ERPs may be useful as biomarkers in various aspects of psychiatric treatment research. First, ERPs may serve as endophenotype markers that are closer to the underlying biology of the disease than are clinical symptoms, and they are relatively convenient to use in large-N genetic studies. The feasibility of utilizing ERPs in multi-site, large N studies (> 500) has been established by past (33) and ongoing functional genomic projects (34).

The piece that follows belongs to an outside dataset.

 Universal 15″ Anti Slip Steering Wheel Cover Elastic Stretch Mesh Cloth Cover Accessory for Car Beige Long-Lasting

Second, ERPs can be used in preclinical research to define potential treatment targets. That is, if a given ERP component measures the operation of a given cognitive process, neural circuit, or transmitter-receptor system, then an abnormality of this component suggests that treatments targeting that process, circuit, or system might produce therapeutic benefits.

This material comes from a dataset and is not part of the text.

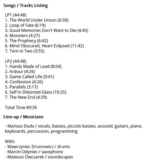 Attachment 2335 LUNATIC SOUL .LUNATIC SOUL from official website Bio Lunatic Soul is the solo outfit of the creator, vocalist, and multi-instrumentalist Mariusz Duda. Duda is best known as the frontman of the Polish progressive rock band Riverside, where he is the main composer, lyricist, vocalist, and bassist. In 2008, he launched a separate outlet in which, as he says himself, he wanted to create something different and uncompromising. Lunatic Soul is inspired by artists such as Dead Can Dance, Peter Gabriel (especially his “Passion” album), Mike Oldfield, Clannad, Hedningarna and Depeche Mode. It’s an attempt to blend ambient music and electronic music with folk and rock influences. Duda plays almost all the instruments himself, with occasional guest appearances from invited musicians. While the artist doesn’t reject the label of progressive rock, he believes that “Lunatic Soul gives me more room for musical originality than Riverside”. For this reason, he doesn’t like Lunatic Soul being referred to as a “side project”. “To me, there’s nothing secondary about Lunatic Soul. Musically and conceptually, it’s an equally important musical world – if not more important. Here, I can do literally anything.” Since its inception in 2008, Lunatic Soul have released seven full-length albums and 2025 will see the release of the 8th album “The World Under Unsun” via Inside Out Music internationally and Mystic Production in Poland. All eight albums form what is known as the “The Circle of Life and Death”, a cohesive story in which a solitary artist-traveller journeys between life and death. Attachment 2338 These are my best tracks of 2025 Track Title-Group or Artist-Album King Kong-AMPLIFIER-Gargantuan Night Terror-DREAM THEATER-Parasomnia Panopticon -GHOST OF THE MACHINE-Empires Must Fall The End of Days Suite: 1. The City Lights at Twilight -THE JOHN IRVINE BAND-HERE COME THE ROBOTS! Lucifer, Bringer of Light -MOTORSPSYCHO-MOTORSPSYCHO Marvelous World-CHEAT THE PROPHET-Redemption The-Shoreline-EYE 2 EYE-Lost Horizon End of the Road-KARMAKANIC-Transmutation These Hands That Build-BLACK NARCISSUS-There Lingers One Who's Long Forgotten Objects Outlive Us-STEVEN WILSON-The Overview Far From Here-IQ-Dominion Sleeping on a Cloud-LET SEE THIN-Machine Called Life Gone-BJØRN RIIS-Fimbulvinter Deep Water Suite IX-COSMIC CATHEDRAL- Deep Water Another Holy Grail-PATTERN-SEEKING ANIMALS-Friend Of All Creatures Seraphina Moon-CEN-PROJEKT-Carnival Of Lost Souls Demain a l’aube-GERALD MASSOIS- Demain a l’aube -Considerations-THE FLOWER KINGS-Love -The Passing-JACOB ROBERGE-The Passing -Ordinary Gods-KARIBOW-PanTerrania -Division Warning-COSMOGRAF-The Orphan Epoch -De Tre Gratier-Lars Fredrik Froislie-Gamle Mester -Terraforming-AMBIENT DEN-Ambient Den -Fall Away-DAVE BAINBRIDGE-On The Edge (Of What Could Be) -Remnants of Memories-DORACOR-Unexpected Intersections -Insurrection-CRAYON PHASE-Synthetic Mind -The Book of Hours Pt I-AGROPELTER-The Book of Hours -Voice of God-ATOMIC TIME-Subsounds -Atomic -STEPHAN THELEN-WORLDS IN COLLISION -The Prophecy -LUNATIC SOUL-THE WORLD UNDER UNSUN Attachment 2336 Attachment 2337 The Prophecy-LUNATIC SOUL https://insideoutmusic.bandcamp.com/track/the-prophecy Loop of Fate-LUNATIC SOUL https://insideoutmusic.bandcamp.com/track/loop-of-fate GOOD LISTENING |

Third, homologues of human ERPs can be found in both rodents and primates (25, 35), providing opportunities for across-species translational research. If, for example, an ERP abnormality can be induced in a rodent homologue that matches the abnormality observed in patients, then the rodent model may be used as an assay of the likely effectiveness of novel compounds.
Fourth, ERPs can be used in human clinical research to determine whether a given treatment influences the specific process, circuit, or transmitter system of interest. ERPs can also be used in healthy volunteers in whom the ERP abnormality has been transiently induced by a pharmacological challenge (36).

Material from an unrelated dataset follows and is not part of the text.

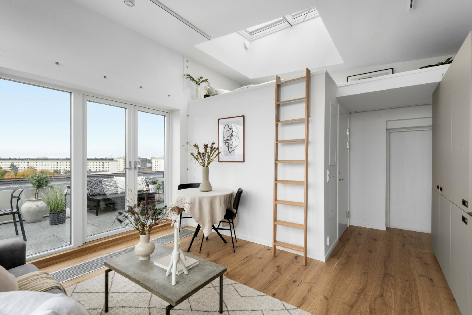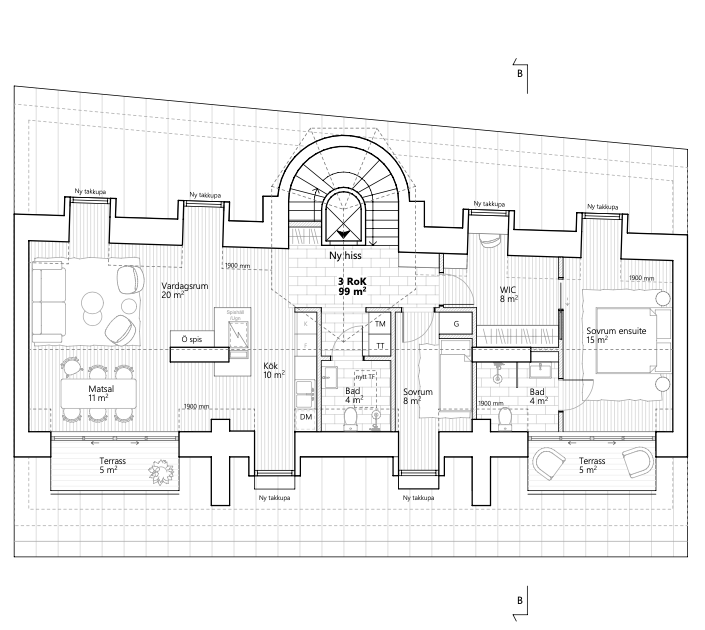 Påbyggnad på befintligt tak med utsikt över Stockholms stad.

Fifth, ERPs might be useful in defining subgroups within a disorder. Imagine, for example, that only 20% of patients with a given disorder exhibit a specific ERP impairment. A new treatment that normalizes this ERP component might be effective primarily in this subgroup of patients. Clinical trials that include only these patients would therefore be much more likely to detect an effect of this treatment, dramatically increasing the cost effectiveness of the trials.
Note that ERPs are already widely used in the diagnosis of certain neurological disorders (e.g., multiple sclerosis) and sensory disorders (e.g., screening of neonates for hearing impairments). Thus, it is realistic to expect that ERPs could be used as biomarkers in the identification of genes related to mental illness, in efforts to identify individuals at high risk for developing disorders prior to illness onset, and in the development and assessment of new treatments. P300 abnormalities, for example, have been demonstrated in individuals at high risk for transition to schizophrenia or other psychotic disorders (37). The next section will consider in detail the steps that must be taken for ERPs to become truly useful biomarkers.
ERPs that correlate with symptom status across time could be used as markers of disease state and to assess efficacy of new treatments. ERPs that are stable over time—independent of changes in symptoms—could be used as markers of stable traits that are associated with responsiveness to specific treatments or with genetic liability.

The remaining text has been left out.